» **Task**: Below are some records. Print exactly the lines between the one holding "This paper proposes" and the one holding "重庆大足的中国商用车产品测试", inclusive, and nothing else.

» **Available data**:

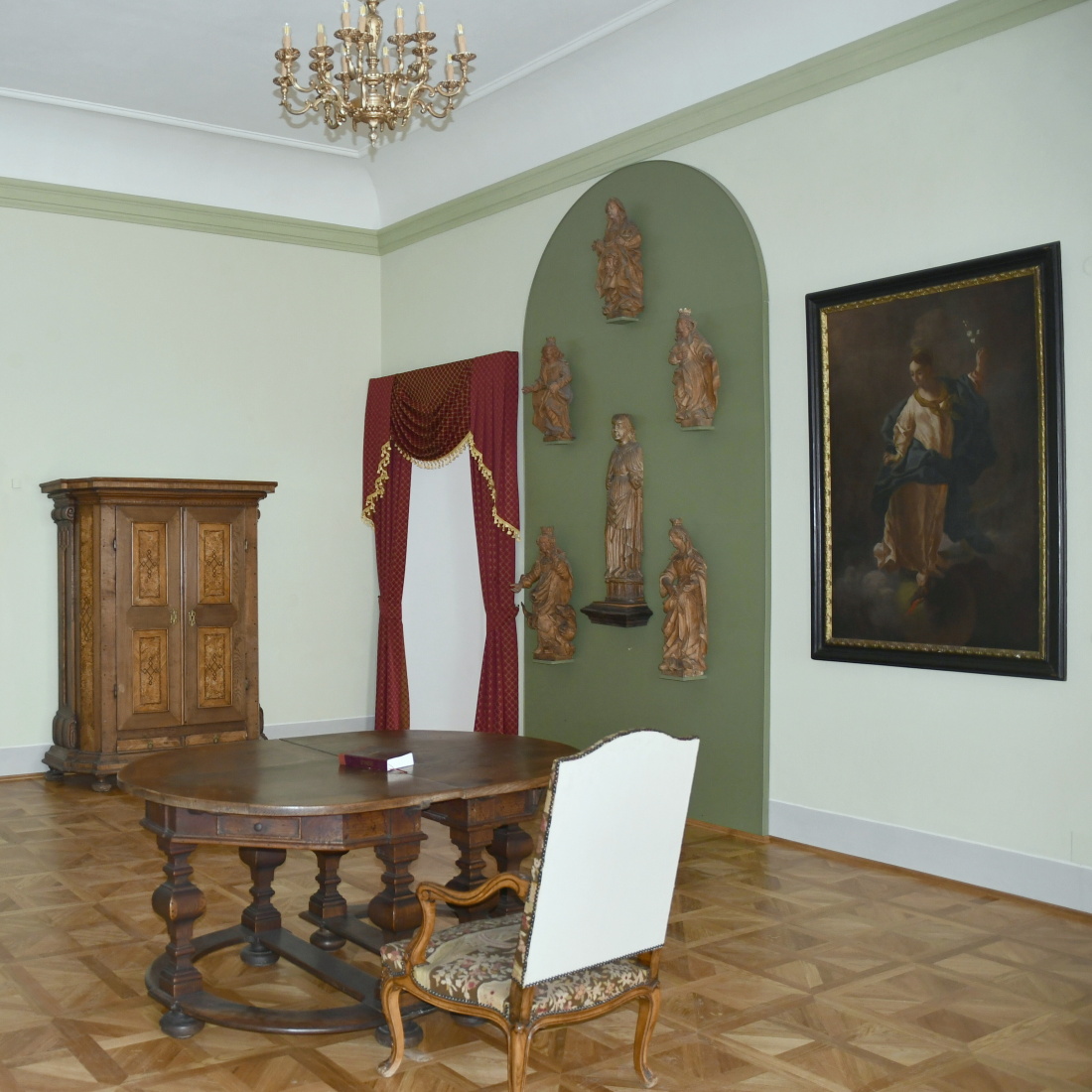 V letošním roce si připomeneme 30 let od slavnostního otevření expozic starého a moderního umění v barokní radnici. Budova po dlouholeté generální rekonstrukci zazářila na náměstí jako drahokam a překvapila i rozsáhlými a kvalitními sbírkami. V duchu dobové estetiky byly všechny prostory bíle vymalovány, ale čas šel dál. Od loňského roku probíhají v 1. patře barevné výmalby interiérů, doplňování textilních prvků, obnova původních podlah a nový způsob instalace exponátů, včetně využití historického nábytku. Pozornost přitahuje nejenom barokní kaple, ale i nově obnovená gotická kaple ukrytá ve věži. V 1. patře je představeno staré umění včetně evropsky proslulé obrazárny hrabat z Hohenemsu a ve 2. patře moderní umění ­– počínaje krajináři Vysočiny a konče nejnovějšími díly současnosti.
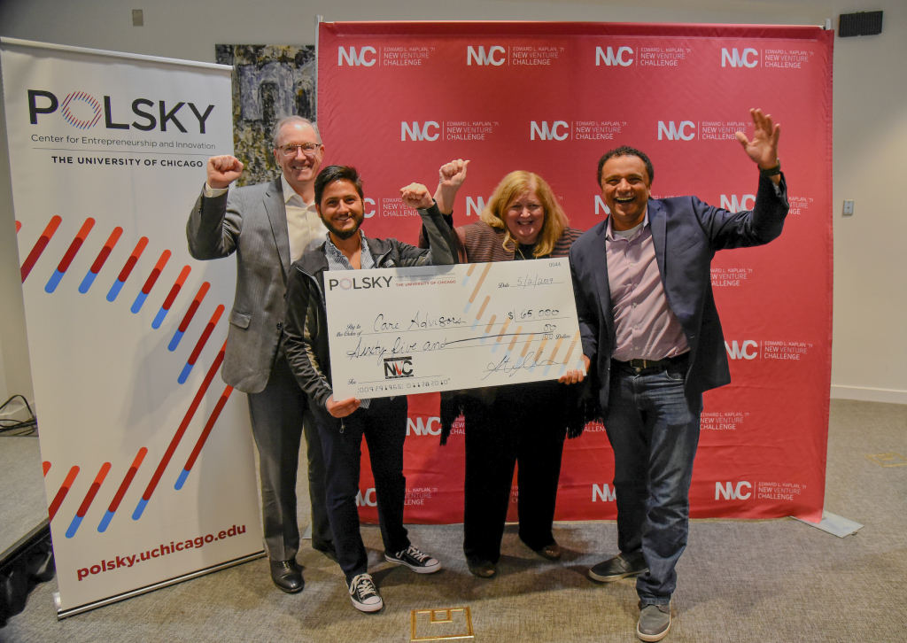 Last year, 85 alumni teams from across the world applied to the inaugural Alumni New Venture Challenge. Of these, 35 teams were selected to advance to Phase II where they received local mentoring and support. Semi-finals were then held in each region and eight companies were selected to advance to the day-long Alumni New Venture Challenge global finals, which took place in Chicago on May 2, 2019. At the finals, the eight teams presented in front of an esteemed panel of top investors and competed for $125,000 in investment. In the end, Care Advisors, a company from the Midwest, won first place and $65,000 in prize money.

==

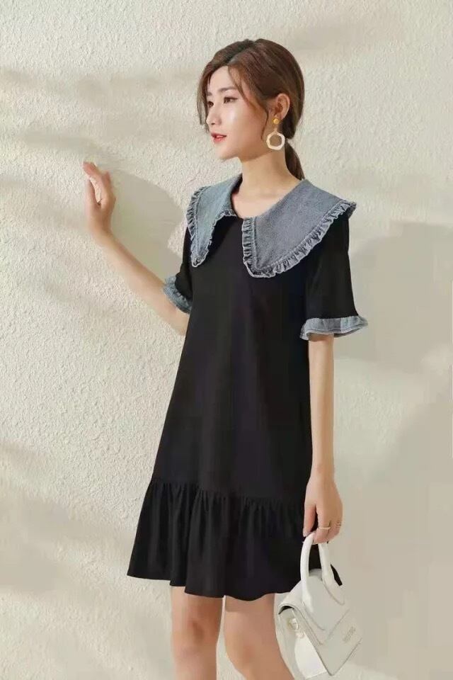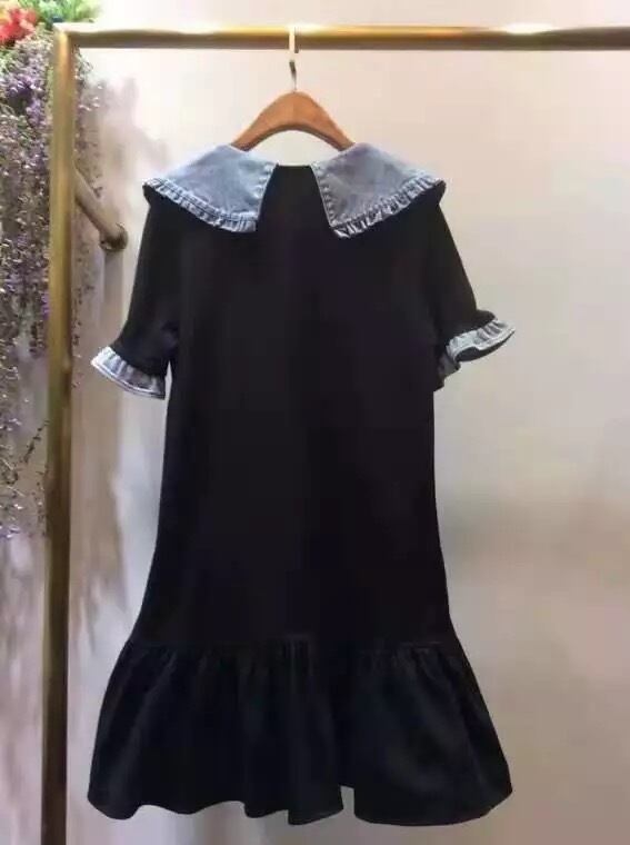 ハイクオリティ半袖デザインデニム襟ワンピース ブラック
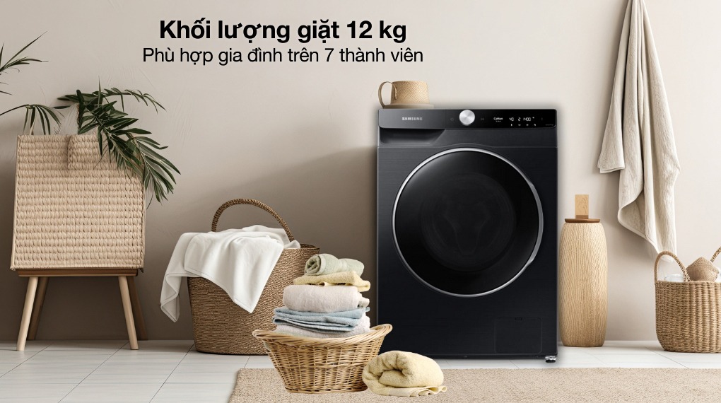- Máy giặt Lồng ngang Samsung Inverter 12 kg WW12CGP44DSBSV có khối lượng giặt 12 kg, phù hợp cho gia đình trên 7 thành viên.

==

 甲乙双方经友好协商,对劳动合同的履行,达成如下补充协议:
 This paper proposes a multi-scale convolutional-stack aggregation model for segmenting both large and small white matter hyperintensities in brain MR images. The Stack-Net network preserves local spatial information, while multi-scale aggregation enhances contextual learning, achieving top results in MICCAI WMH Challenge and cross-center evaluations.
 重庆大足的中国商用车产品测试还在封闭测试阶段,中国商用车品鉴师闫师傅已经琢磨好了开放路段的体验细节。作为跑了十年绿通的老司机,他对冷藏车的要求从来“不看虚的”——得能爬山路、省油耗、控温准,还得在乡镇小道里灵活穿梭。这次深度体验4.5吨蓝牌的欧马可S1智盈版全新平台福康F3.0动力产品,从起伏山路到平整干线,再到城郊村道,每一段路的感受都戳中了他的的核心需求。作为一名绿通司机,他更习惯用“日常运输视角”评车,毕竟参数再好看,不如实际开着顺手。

» **Answer section**:
 This paper proposes a multi-scale convolutional-stack aggregation model for segmenting both large and small white matter hyperintensities in brain MR images. The Stack-Net network preserves local spatial information, while multi-scale aggregation enhances contextual learning, achieving top results in MICCAI WMH Challenge and cross-center evaluations.
 重庆大足的中国商用车产品测试还在封闭测试阶段,中国商用车品鉴师闫师傅已经琢磨好了开放路段的体验细节。作为跑了十年绿通的老司机,他对冷藏车的要求从来“不看虚的”——得能爬山路、省油耗、控温准,还得在乡镇小道里灵活穿梭。这次深度体验4.5吨蓝牌的欧马可S1智盈版全新平台福康F3.0动力产品,从起伏山路到平整干线,再到城郊村道,每一段路的感受都戳中了他的的核心需求。作为一名绿通司机,他更习惯用“日常运输视角”评车,毕竟参数再好看,不如实际开着顺手。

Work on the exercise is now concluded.